“Well,” said Jude, “let’s get the mudhook up and put out right away. They won’t have the face to chase us.”

“Yes,” said Satan, “and leave them to hunt the island and find the cache! They’d lift the stuff to the last tin of beef. They’ve seen us ashore among the bushes. You shouldn’t have gone ashore.”

“I went to see we hadn’t left no traces.”

“Traces be damned! Cark wants no traces. Once he starts to hunt, he’ll turn the durned island upside down and shake it. He’ll say to himself, ‘What were they doin’ here, anyway; what were they pokin’ about them bushes for?’ No, we’ve got to sit here till he goes, and that’ll be this time next year, maybe.”

“What’s the name of his schooner?” asked Ratcliffe.

“The Juan Bango,” replied Satan, “named after the tobacco company people. Look, they’re gettin’ a boat off.

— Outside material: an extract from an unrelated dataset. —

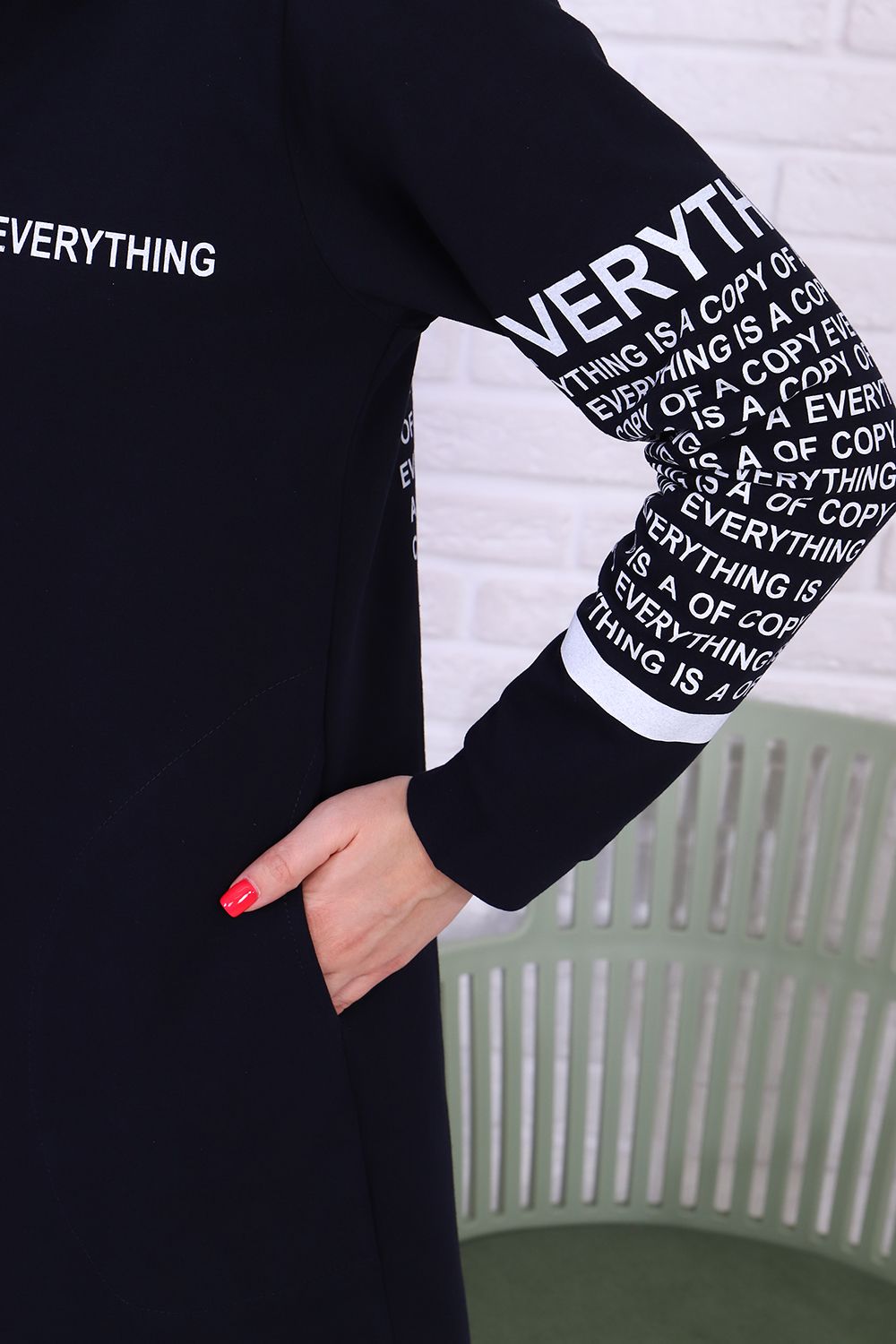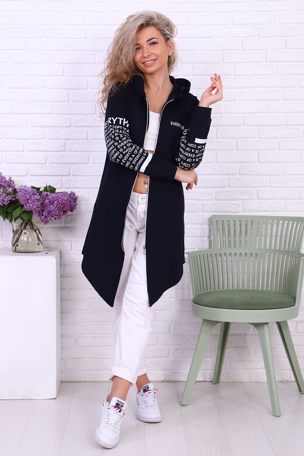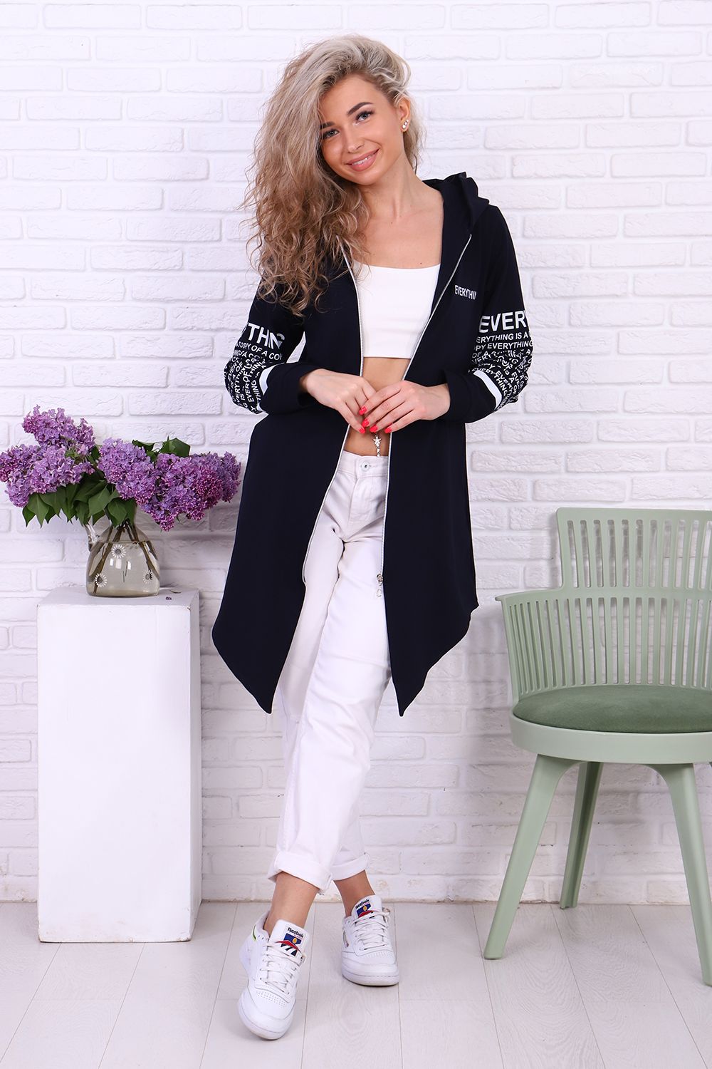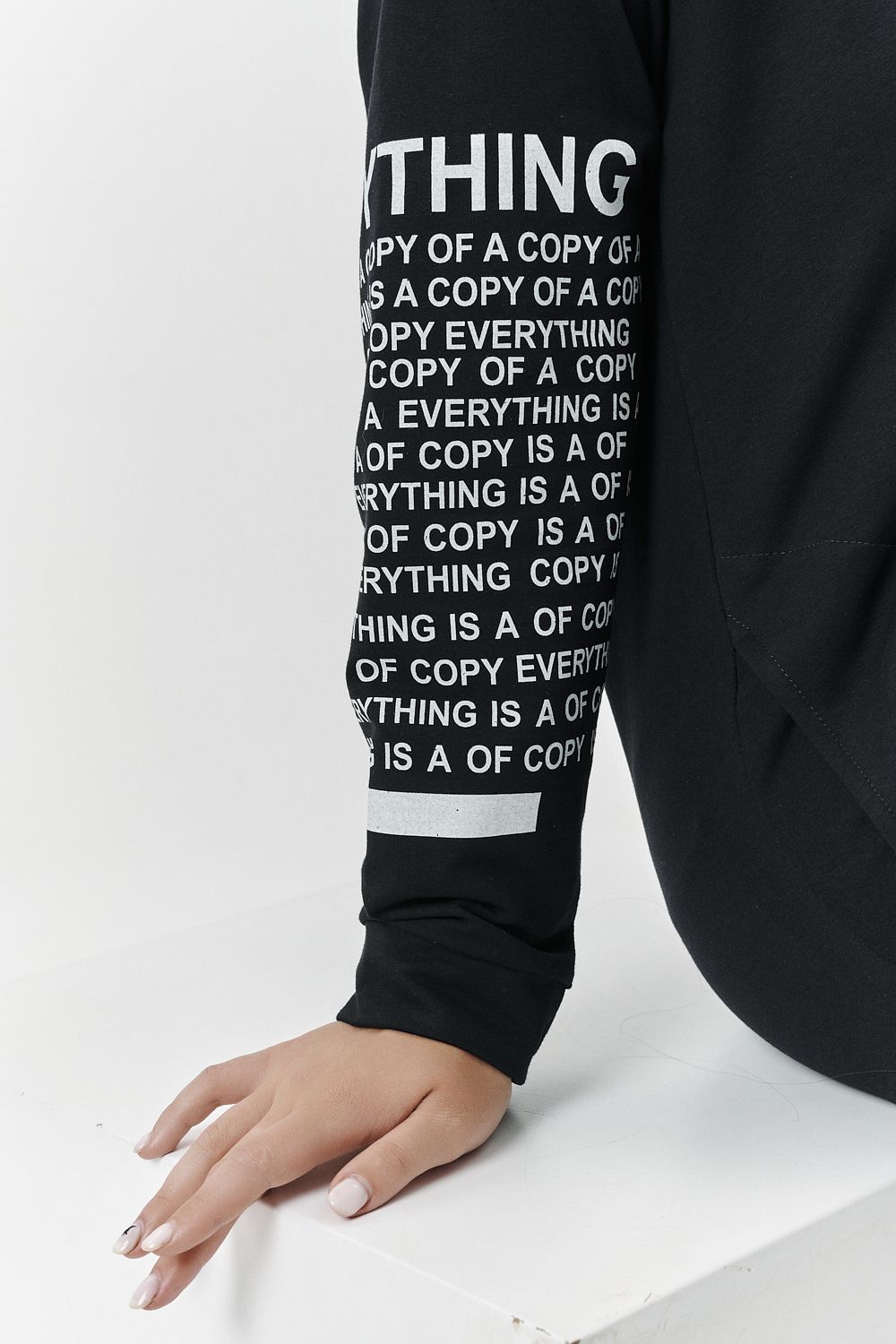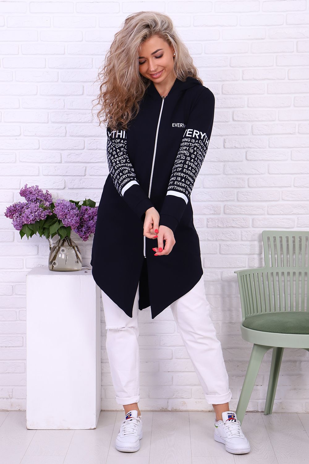 Туника необычного кроя из футера с лайкрой. Длинные рукава, общая длина до коленей спереди, более коротко по бокам. На молнии, с капюшоном. Дизайн в виде принтов с надписями

That’s Sellers, and he’s comin’ aboard.”

Then he collapsed, squatting under the bulwarks. “Guy them,” said he to Jude. “Tell them I’m down with smallpox: that’ll make them shove.”

“Leave ’em to me,” said Jude.

It was Matt Sellers right enough, a big wheezy man suggestive of Tammany Hall, but a sure-enough sailor in practice. “The biggest blackguard on the coast” was his subsidiary title. He was the henchman of Carquinez. His career was not without interest and romance of a sort. It was he who had bought, with the money of Carquinez, the bones of the Isidore, wrecked against the sheer cliffs by the black strand of Martinique. Ten thousand dollars in gold coin she had on board her, and he salved them. That was a straight job, and a wonderful bit of work, taking it all together. It was a curiosity, too, because it was straight.

The crooked jobs of Matt Sellers would have filled a book.